Al preguntarle que cuanto le debía, sonriendo me dijo:

- Estás tonto; es un regalo.

Era una entrañable y maravillosa persona. Amigo de sus amigos.

Ya podían vivir Ramón y Felipe de las rentas. Sin necesidad de trabajar. Pero como “nada hay sublime, que no sea breve” (Campoamor) llegó el fatal desenlace de esta historia. Tras un pinchazo en el pecho y ser visto por los médicos, el diagnostico para Felipe, fue cáncer de pulmón.

Al parecer habían sido demasiados excesos. Llegó la preocupación en todos nosotros, la quimioterapia, la radioterapia. Dejó de fumar, pero ya era tarde. Los domingos se venia conmigo a Alcalá de Henares, a casa de mis padres. Allí pasábamos la tarde en familia, paseábamos por el casco histórico de la ciudad. Calles que le gustaban mucho. Un día paseando juntos me dijo:

- Fredy. He vivido, he disfrutado.

El último día que le vi, volvíamos en el coche de Alcalá a Madrid. Se puso a cantar “estas son las mañanitas que cantaba el rey David a las muchachas bonitas…”

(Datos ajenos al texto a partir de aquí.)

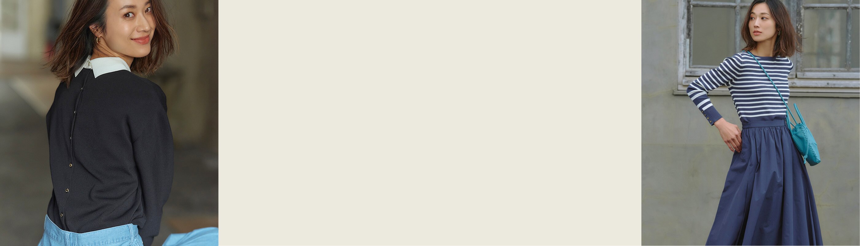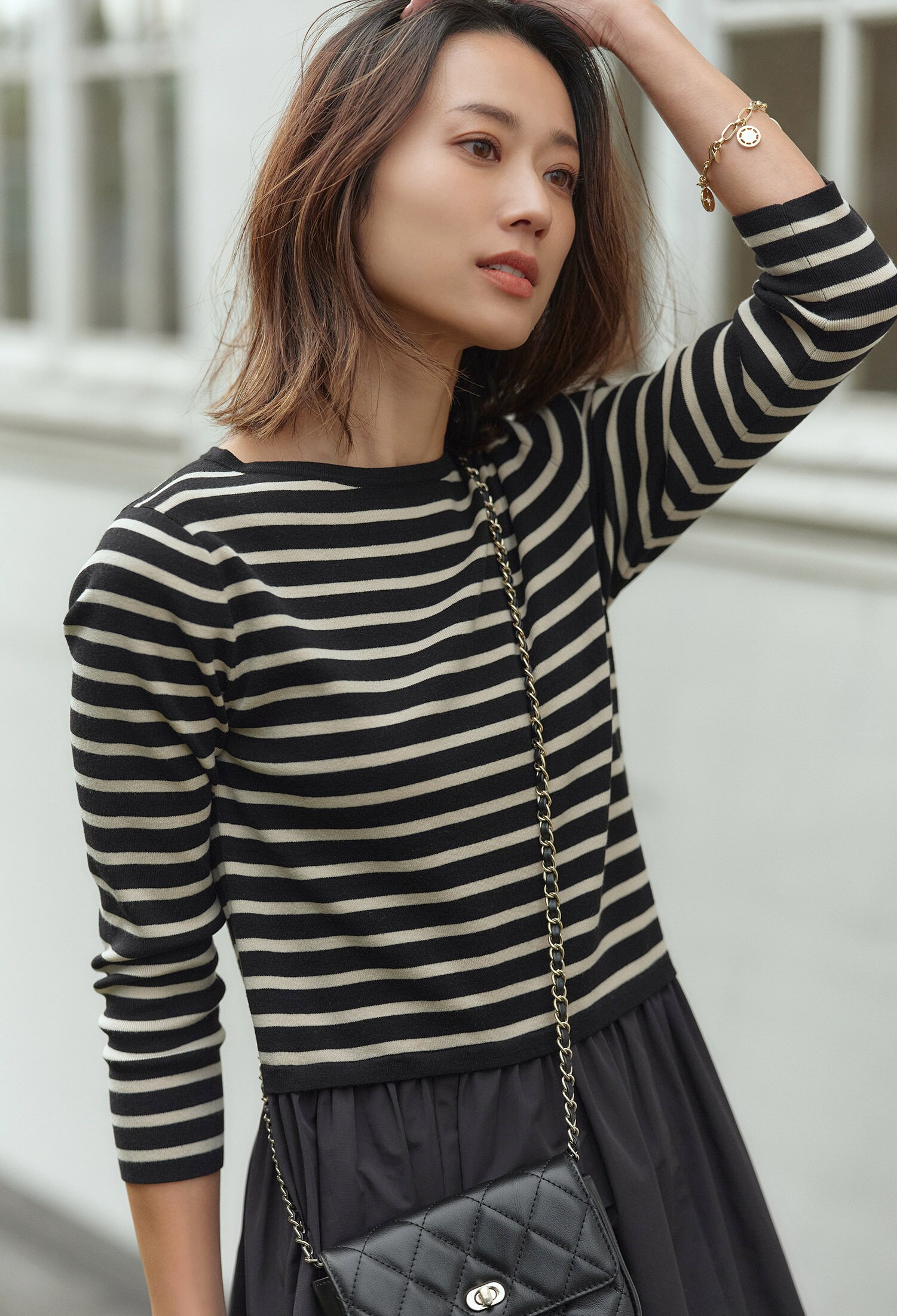 ベージュ×ブラックボーダーは大人にこそ似合う配色カラー。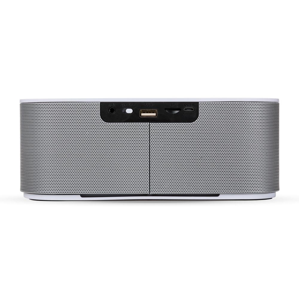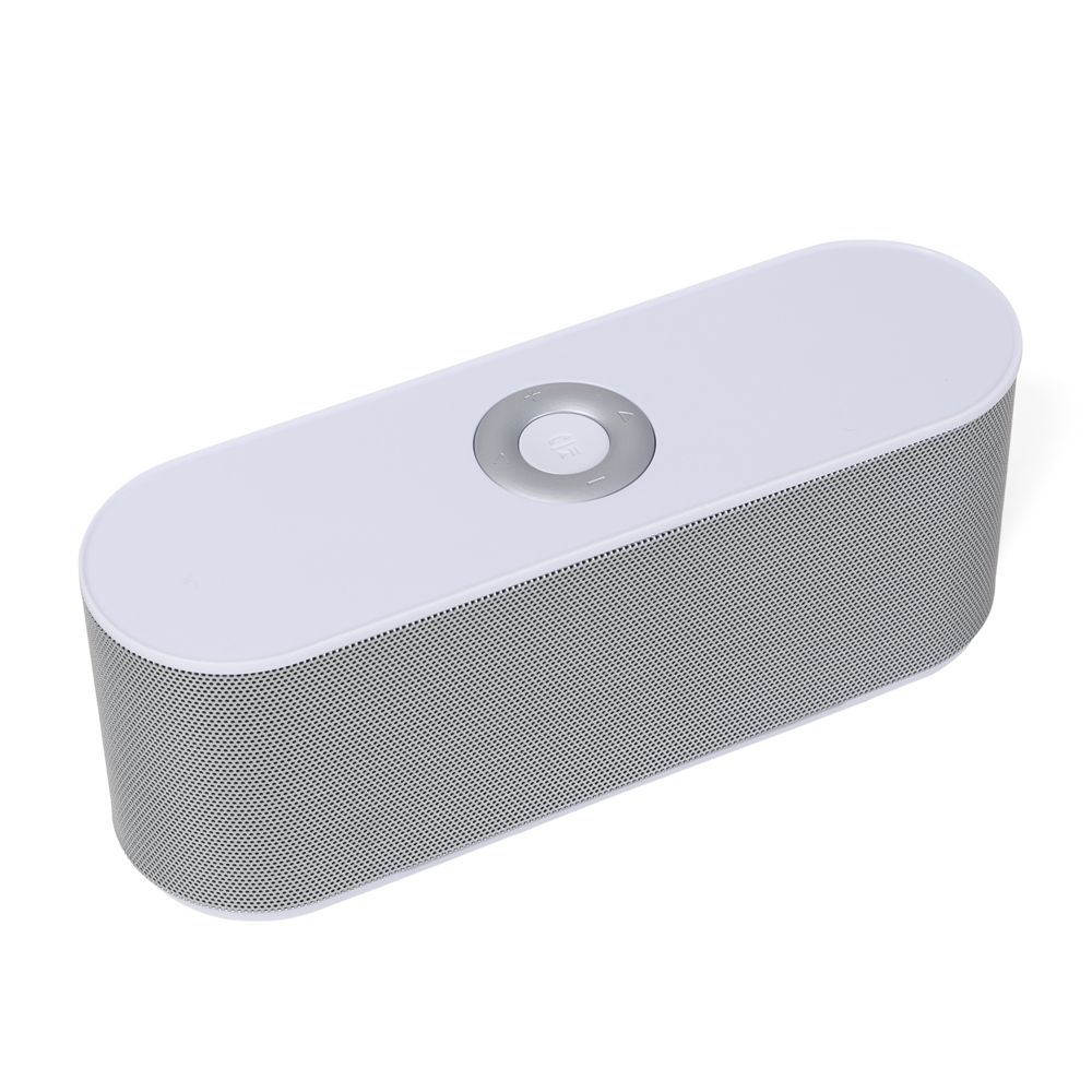 Caixinha de som bluetooth multifunções. Design fino e material plástico resistente, possui: botão On/Off no verso, botão >|| (MODE), botão < retroceder faixa ou diminuir volume, botão > avançar faixa ou aumentar volume, botão PLAY/PAUSE e atender chamadas, entrada P2/auxiliar(caixinha de som pode ser conectada no computador, basta segurar o botão central para alternar o modo), entrada microUSB, microfone, entrada microSD(cartão de memória) e entrada USB(leitura de pen drive). Funcionamento: ao segurar o botão POWER a caixinha irá ligar/desligar; apertando o botão MODE irá trocar os modos de funcionamento entre Bluethooth, Rádio(necessário conectar o cabo na entrada microUSB que serve como antena para sintonização) e quando conectado um cartão microSD ou Pen Drive também é possível alternar estes modos por este botão; ao segurar o botão - irá diminuir o volume e caso aperte-o ele irá retroceder a faixa; ao segurar o botão + irá aumentar o volume e caso aperte-o ele irá avançar a faixa; apertando o botão play/pause ele irá iniciar a música ou parar, este botão também funciona para atender chamadas durante a conexão com o celular(basta apertar o botão para atender a chamada e falar diretamente da caixinha). Quando o item estiver ligado soará um bipe botão central >|| ficará com luzes acesas, possui parte inferior possui borrachas anti deslizantes e auto-falantes laterais. Standard: 3.0+EDR, alcance de 10 metros, Potência nominal: 5w+5w, tempo de funcionamento pode ser de 5-8horas ligado, S/N: 80db, Distorção: 1%w1KHz e tempo de recarga de 3 à 4 horas. Acompanha cabo USB.

Cantaba con fuerza. Quería demostrar que aún seguía vivo.

Un sábado, había estado con sus tres mejores amigos, en un bar de la calle de la Lechuga, jugando a las cartas. Se acostó tarde. A la mañana siguiente, llamó Ramón para dar la triste noticia. Felipe había muerto. Tenía 56 años. A todos nos invadió una gran tristeza. Aunque sus restos descansan en la Almudena, está presente en el corazón de todos.